By that point Harper had made a kind of toastmaster's skit out of slagging his country while embracing the American way. Sample: "Canada appears content to become a second-tier socialistic country, boasting ever more loudly about its economy and social services to mask its second-rate status."

And by that point he was well along in his avowed effort to build a new Canadian right-wing base upon (this may sound familiar) gun rights lobbies, anti-choice crusaders, fundamentalist churches and other social conservative groups. In this election, for example, Harper's Conservatives drew a couple of candidates from Canada's wing of Focus on the Family, Dr. James Dobson's hard-right evangelical organization.

Where you tend to find such folks thickest on the ground is Harper's home province of Alberta, it being Canada's oil-rich version of Texas.
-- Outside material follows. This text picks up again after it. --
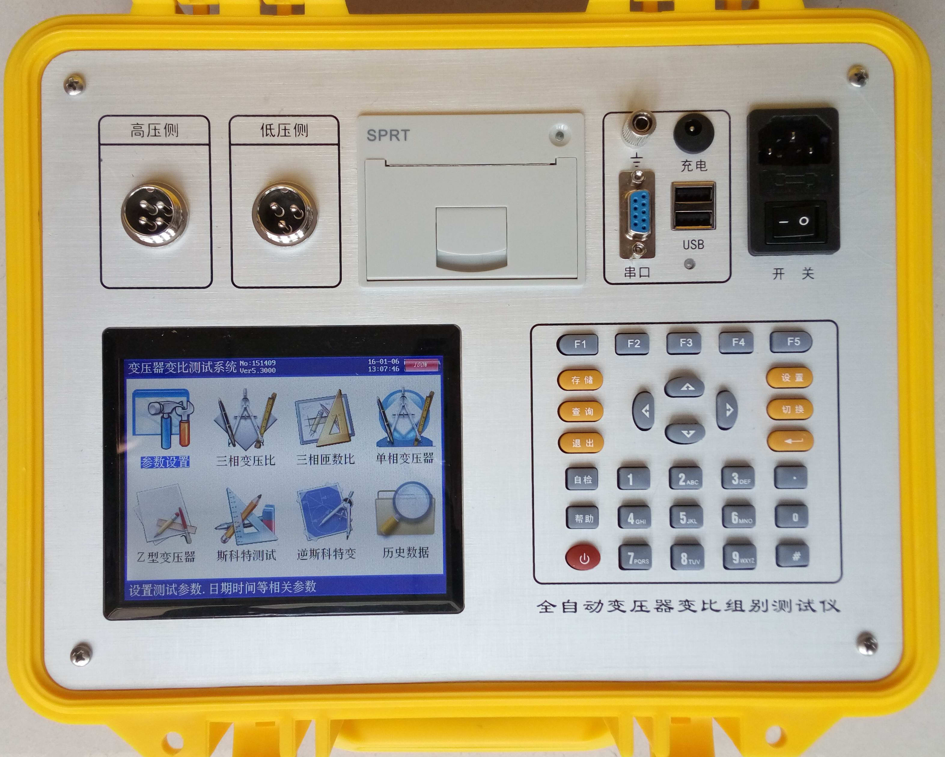 儀器左側上部是變比測試航空插頭,高壓側,低壓側端子。左側下方是彩色液晶屏,右側下部是標準30鍵的控制鍵盤;在儀器的右側上部是打印機、接地端子、充電口、USB接口、RS232接口、電源線插口、工作開關。

Alberta's values are so different from those of most Canadians, yet so appealing to Harper, that he once urged his fellow Albertans to build "a firewall" around the province to repel the secular humanist forces stalking the wilds of Canada beyond.

In his new job, of course, Harper is now in charge of the whole of Canada, which means, as someone suggested, that Toronto had better get ready to build its own firewall.

So yeah, U.S. conservatives have plenty of reason to happily assume that Canadians have finally gone all red state up here.

Except they haven't. Not much at all, really. The funny thing about Harper is that the only way he could win was by talking, and looking, like he wasn't so very conservative after all.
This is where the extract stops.